Kanupriya Dhawan: Why did you write on someone like Radha?
H.S. Shivaprakash: I have been deeply interested in different aspects of the Bhakti tradition, the tradition which was largely ignored by historians and art historians. Hindu nationalists, leftists, the mainstream leftists were not interested in it, except individual Marxists like D.D. Kosambi. The formalists, modernists and Dalits were also not interested in it. Though Ambedkar’s father was a Kabirpanthi, Ambedkar saw the decadence of Varkari panth of Maharashtra and he developed a kind of distaste for bhakti traditions. Some members of the Dravidian movement, because of their atheism, also completely ignored the significance of bhakti traditions. Of course, some literary histories of different languages do talk about the contribution of bhakti, literary contributions of bhakti poets and writers, but the larger contribution that the bhakti tradition had made to the scenario of arts and aesthetics of India for nearly a millenium was not studied extensively. So, I got into Bhakti because in my Marxist days I was looking for some native literary models of progressive cultural politics in India, and also because I was brought up in a family of Veerashaivas. Veerashaivas belong to a reformatory form of religion. I won’t call it Hinduism. Veerashaivism is like Sikhism in the north, which does not favour temples, idol worship, gender discrimination, the caste system, and so on. Because of this background and my interests in Marxism, I began to study Bhakti traditions. First in my own tradition and then its counterparts in other parts of India.

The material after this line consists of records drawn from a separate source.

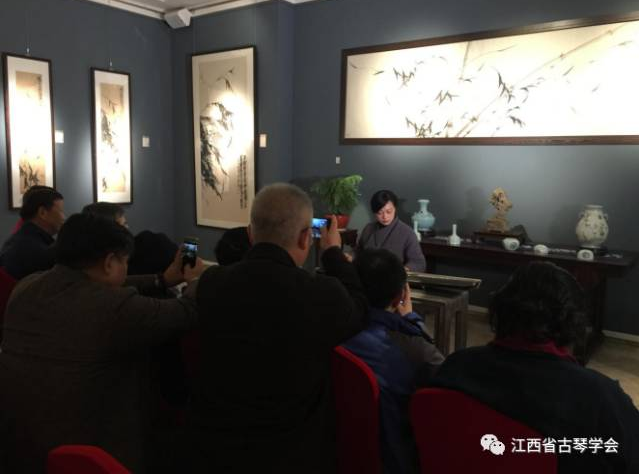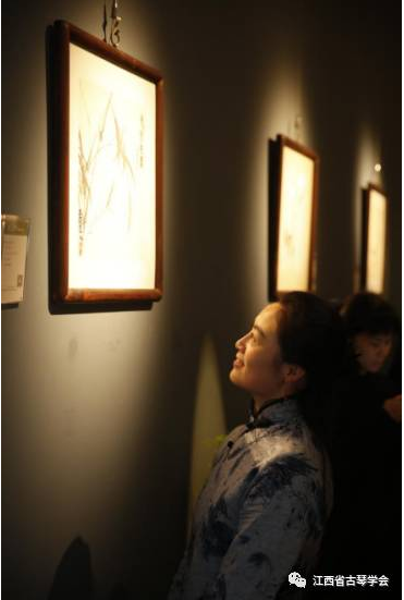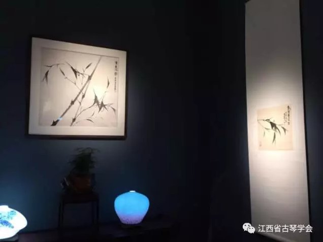 徐永先生此次展出作品三十余幅,他笔下的墨竹,落笔重似高山坠石,着墨轻如风拂细柳,润燥相生,黑白相间。其枝上鸣蝉、花间飞蜂跃然纸上,栩栩如生。其潇湘玉笋,月下修影,俱清雅淡远,饶有古风。现场观众饶有兴致地赏画听琴,纷纷被现场清雅、淡雅、文雅、拙雅、古雅的气氛感染、打动!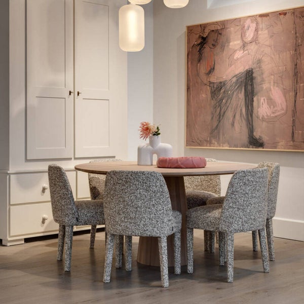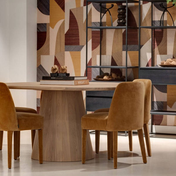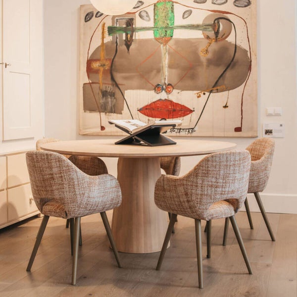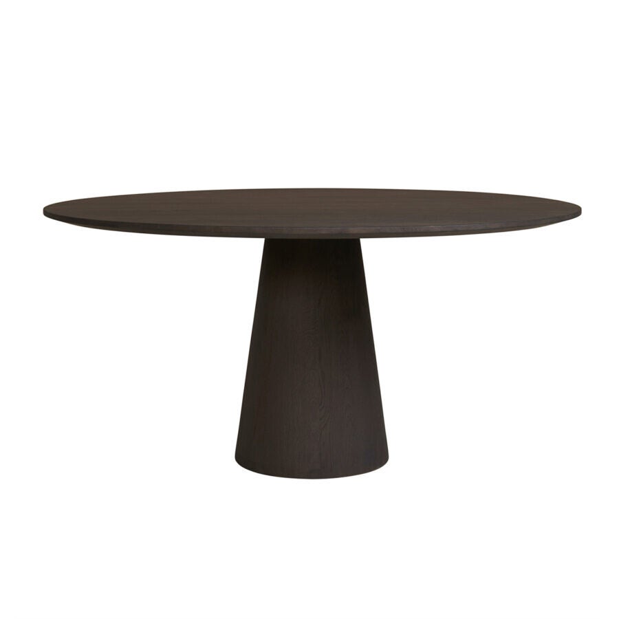 Ronde eetkamertafel met een cilinderpoot. De combinatie van het dunne blad met de poot geeft dit model een unieke uitstraling. De Cone eetkamertafel is ook verkrijgbaar met een langwerpig, ovaal, organisch of langwerpig blad.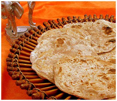 - Apply wheat flour to each ball and roll into thin diskettes about 5 inches round.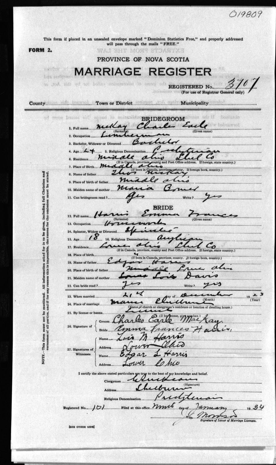 Registration: Year: 1923 number: 19809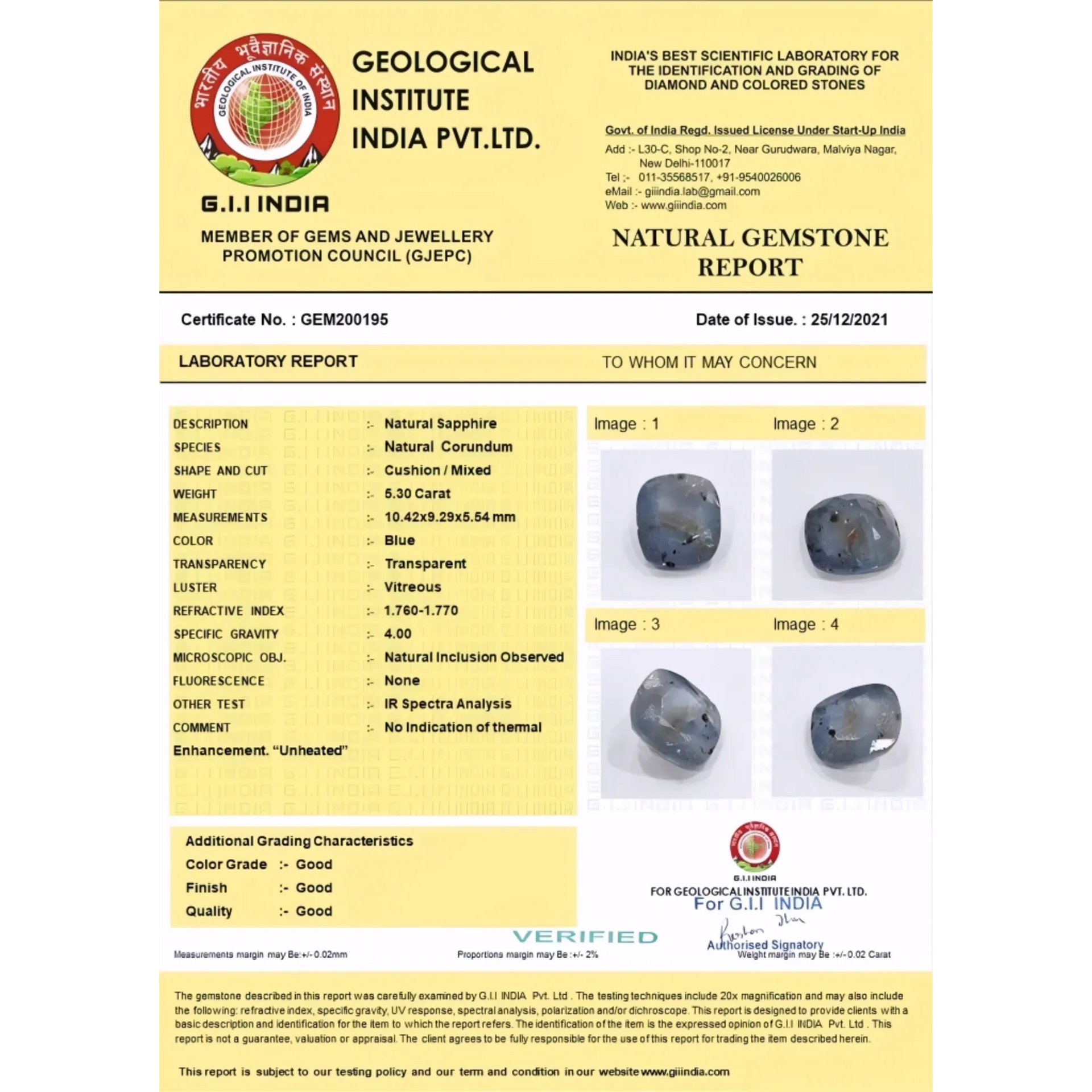 Natural Ceylon Blue Sapphire Untreated & Unheated GIA/IGI Certified 5.3 carat

After that I also moved from English Studies to Comparative Literature. I began with the European Literature, I started a movement―Satchidanandan’s ‘Second Tradition’―taking its title from Namvar Singh ji’s book Dusari Parampara.
So I started publishing texts from the non-mainstream traditions; bhakti traditions, Indian traditions and so on. I have been interested in this stream of Indian heritage from my 20s and it went on. Then I wanted to carry it further. So when I came to JNU, I offered a course called ‘Text, Context and Performance in Bhakti Traditions’, which was sneered at by others, particularly by the leftist students, because they thought I was carrying this huge Hindutva agenda. However, the course became very popular and even they (the leftist students) started seeing some sense in what I was teaching and realised that it not really a ‘Hindutva agenda’.
There is continuity in the challenges that we and the institutions of Bhakti traditions face.
K.D.: How do you see the character of Radha as a Bhakta?
H.S.S.: When I look into the imaginative output of the situations, what strikes me is how come gods and characters become more real than real-life characters. So, Radha is a figure who is not mentioned in the earliest Vaishnava texts in Tamil Nadu. In the poetry Andal, one of the Alvars (who were among the first Vaishnava poets in India), Krishna is a god, who belongs to the banks of the Yamuna. Andal says ‘he who came from the banks of the Yamuna’. So Krishna travels south in search of his bhaktas and people celebrate him. Andal’s Thirupavai mentions a consort of Krishna called ‘Napinnai’. She is also mentioned in one of the episodes of the ancient Dravidian epic Cilappadikaram. In this text, for the first time, you find the play based on the Vrindavan theme, played out by the cowherds who dwell on the outskirts of Madurai. Even this does not mention Radha. And Srimad Bhagavatam, a great source of Vaishnavite tradition, hardly mentions her.
But Radha was established in the imagination because of the creative genius of Jayadeva. Some scholars say that for him, Radha was the imaginative counterpart of the courtesan Padmavati. The expression says 'Charana chaarana Padmavati, charna chaarana Chakravarti'. It’s interesting because normally in Bhakti poetry erotic love has a metaphorical relationship with divine love, but in Jayadeva, it has a platonic relationship. This text is dedicated to those who are interested in Hari bhakti and also in Sringharakala updeshu.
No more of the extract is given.